Okay, everybody scared enough yet? I am, as I write this in the last week of March, and poetry has never seemed more vital than it does to me now. Reading and listening to it is getting me through the current crisis, and I am reminded of the amazing elasticity and adaptability of poems, the way they can stretch to fit situations far beyond those that originally triggered its writing. Just about everything I read now strikes a COVID-19 chord, and today’s poem is no exception. “Love and Dread”—the very title encapsulates our global state of mind. Love for family, friends, country, and the world. And, of course, dread—fear of contagion in the short run and of economic and other challenges later.

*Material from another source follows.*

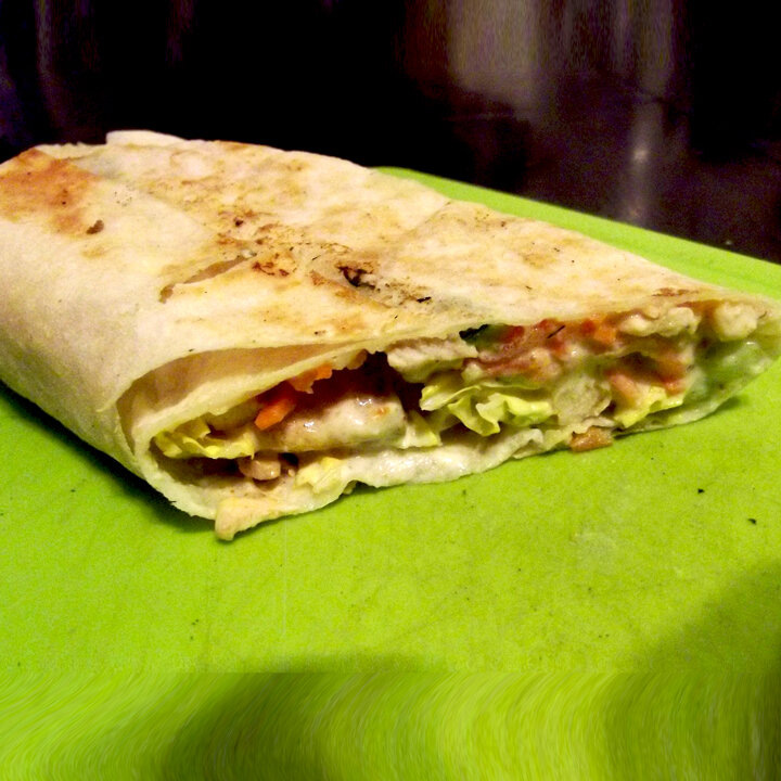 ✔ Филе куриное, вареное) — 300 г; ✔ Капуста пекинская — 200 г; ✔ Помидоры —2 шт.; ✔ Огурец —1 шт.; ✔ Морковь по-корейски — 75 г; ✔ Лук —1 шт.; ✔ Лаваш тонкий (армянский) — 2 листа (≈ 200 г, по 100 г каждый). Для соуса: ✔ Йогурт натуральный (греческий, 2%) — 150 г; ✔ Сметана 15% — 100 г; ✔ Горчица (столовая) —≈1 ч.л. с горкой; ✔ Чеснок —1 крупный зубчик; ✔ Соль, хмели-сунели, красная паприка — по вкусу. Для обжарки лука: ✔ Масло растительное —≈ 1 ч. л. Для соуса смешать все компоненты. Собственно, приготовление соуса - полный вкусовой произвол, можно найти десятки разных рецептов. Поскольку овощи пресные, соус должен быть довольно ярким, с остринкой. Курицу нарезать на небольшие кусочки. Капусту нарезать на полоски, остальные овощи - тонкими полосками. Выложить овощи и курицу полоской, отступив несколько сантиметров от края, свернуть лаваш, смазав и загнув края. Припечь на сухой сковороде. КБЖУ на 100 г – 109/8,9/3,1/10,8 (из них крахмала ≈65%). + 4 фото Рецепт на странице Ребёнок пропа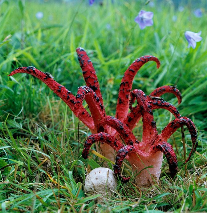 Пошел собирать грибы, а нашел поляну цветов. Видимо-невидимо. Аленькие такие. Только как-то странно пахнет Этим необычным творением природа еще раз доказывает, насколько она разнообразна, непредсказуема и гениальна. Сегодня мы расскажем о грибе, который необыкновенен с самого момента своего появления. Он вылупляется из яиц. И происходит это как в том фильме ужаса, когда скорлупа вдруг затрещала и раскололась, и из нее медленно начинают вылезать красные щупальца. В этом зрелище есть действительно что-то жуткое. Поэтому и название гриб получил соответствующее – пальцы дьявола. Вылупившись, красная рука активно тянется вверх, выпрямляя свои пять пальцев и превращаясь в раскрытую ладонь. Сами пальцы покрыты слизью, притом запах разносится очень неприятный. Его сравнивают с гниющим мясом, ух… Запахом он приманивает мух. Плотоядный, он ими питается. Или, смочив их обильно своей слизью, может отпустить на волю – для распространения спор. Живет гриб не долго, около двух суток. Затем засыхает,

Love is what sustains us; it is dread’s nemesis and sometime antidote. What does dread do for love? Maybe it keeps us from taking love for granted, helps us appreciate it more. Today’s poem does not call for an eradication of dread, though it does lament its existence. Dread plays a necessary role in human life, and the poem seems to acknowledge it as the yin to love’s yang, the dark to the light side of the moon, despair’s counterpart to hope. Perhaps most significantly, dread just is, like it or not, part of the human condition. What “Love and Dread” seems to seek is balance, a way to hold the opposing forces of hope and despair in a kind of bearable equipoise. Maybe it is the best we can expect, and maybe it is enough.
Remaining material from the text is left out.